Wednesday, 30 January 2013

JUnit: Automated testing in Java

Automated testing in Java

The 1 minute guide to JUnit

1 minute. We will get you using JUnit and automated testing in 1 minute.

This is not a JUnit manual. It is not a tutorial. This post is simply a starting point. We assume that you are using Eclipse as an IDE.

What is JUnit?

  • Automated testing that's 100% Java.
  • No cost, part of Java technology
  • It calls tests that you write yourself in Java. JUnit is a way of running tests that you have written.
  • It saves huge amounts of time and effort keeping your software tested with each change that you make.
  • Get the best benefit using JUnit in an IDE such as Eclipse.

JUnit structure 

Your JUnit should match your application. For each class in your application, you create a corresponding JUnit class.

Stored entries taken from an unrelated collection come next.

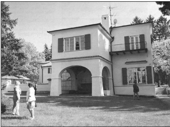
Benešova vila znovu ožívá. Interiéry i exteriéry vracejí návštěvníky do 30. let minulého století.

Pomalou se tak – alespoň zčásti – začíná naplňovat závěť Hany Benešové, která v roce 1973 vyslovila přání, aby vila sloužila jako památník jejího manžela. (SV)
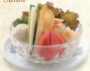
ヤサイミックスサラダ Vegetable Mixed Salad
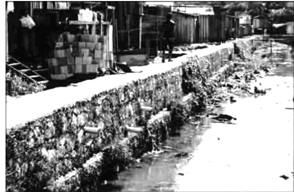
Figura 4. Tuberías de alcantarillado doméstico/sanitario. Igarapé de San Francisco.

Manaus trae en la estructuración de su espacio y de su población, las marcas de esa acelerada y desmesurada urbanización (ver figura 4), perceptible en los barrios que componen la ciudad.
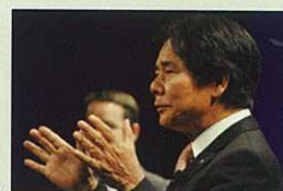
訴求著實現真正 健康的大城會長

而大城博成會長也作為嘉賓出席了研討會，叫出「讓還原水的普及更進一步一起加油吧！」，而大家則用熱烈的掌聲回應。
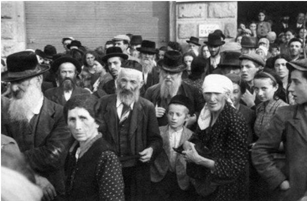
Judíos detenidos para realizar trabajos forzados, Przemysl, Polonia, octubre de 1939.

desarrollaron un plan para enviar a los judíos a la isla de Madagascar, frente a la costa sureste de África. Este plan tampoco resultó práctico. Sólo más tarde, una vez que los nazis comenzaron a implementar una política de asesinato masivo sistemático de judíos mediante la deportación a campos de exterminio, fueron deportados y asesinados los judíos que habían estado concentrados en los guetos. Un número menor fue deportado a campos de trabajo para ser explotados como mano de obra esclava.
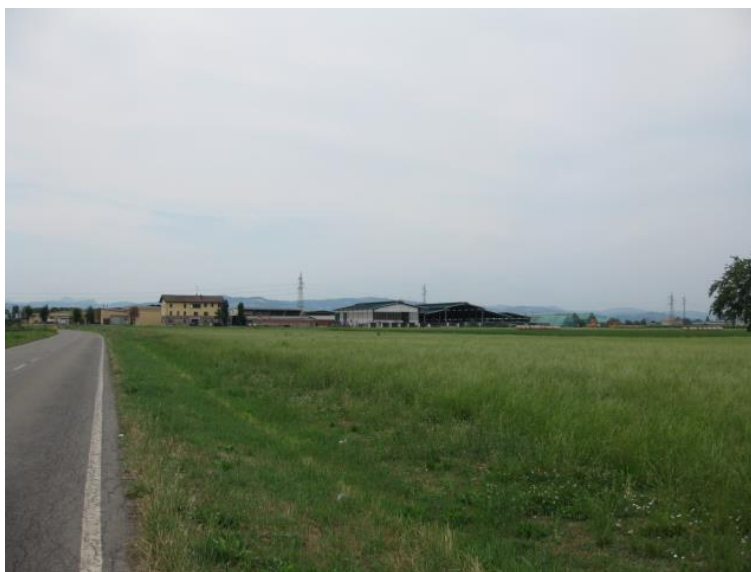
Foto 39 - Dall'abitato di Marmirolo verso l'elettrodotto
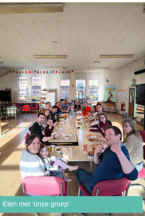
Eten met 'onze groep'
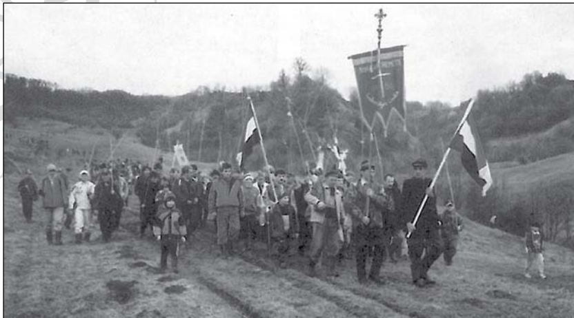
1. Húsvéti határkerülés (Nyáradremete, 1999)

1900 Húsvéti szokások. Erdély Népei III. 17–23.
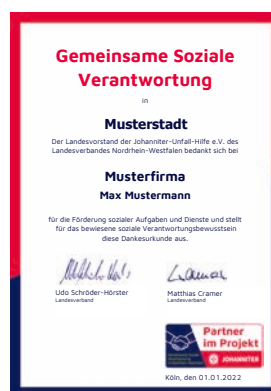
Partner im Projekt Urkunde
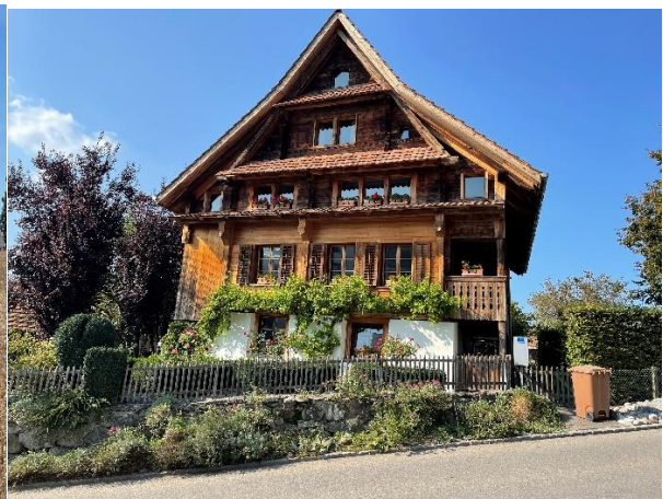
Unsere Einkehr – ein überlebender Zeitzeuge

For each method in your applicaiton class, created one or more test methods in your JUnit class:

In the Application, for each: Create in JUnit:
Class Associated test class
Class method One or more test methods

For example, your application has a class HexEncode.java that contains a method:
public static String encodeString(String inp)
You would create a JUnit class as follows:

In the Application: Create in JUnit:
HexEncode.java HexEncodeTest.java
Method: encodeString public void testEncodeString()

Note
  • JUnit methods are of type public void with no parameters.
  • Put the word "Test" at the end of your JUnit class name.
  • put the word "test" in front of each method. If you don't JUnit will not run that method.
 You can create the methods setUp and tearDown. These JUnit calls before processing (setUp) and after processing (tearDown) the test methods in your JUnit class. For example, these are where you may want to connect to a database and close the database connection.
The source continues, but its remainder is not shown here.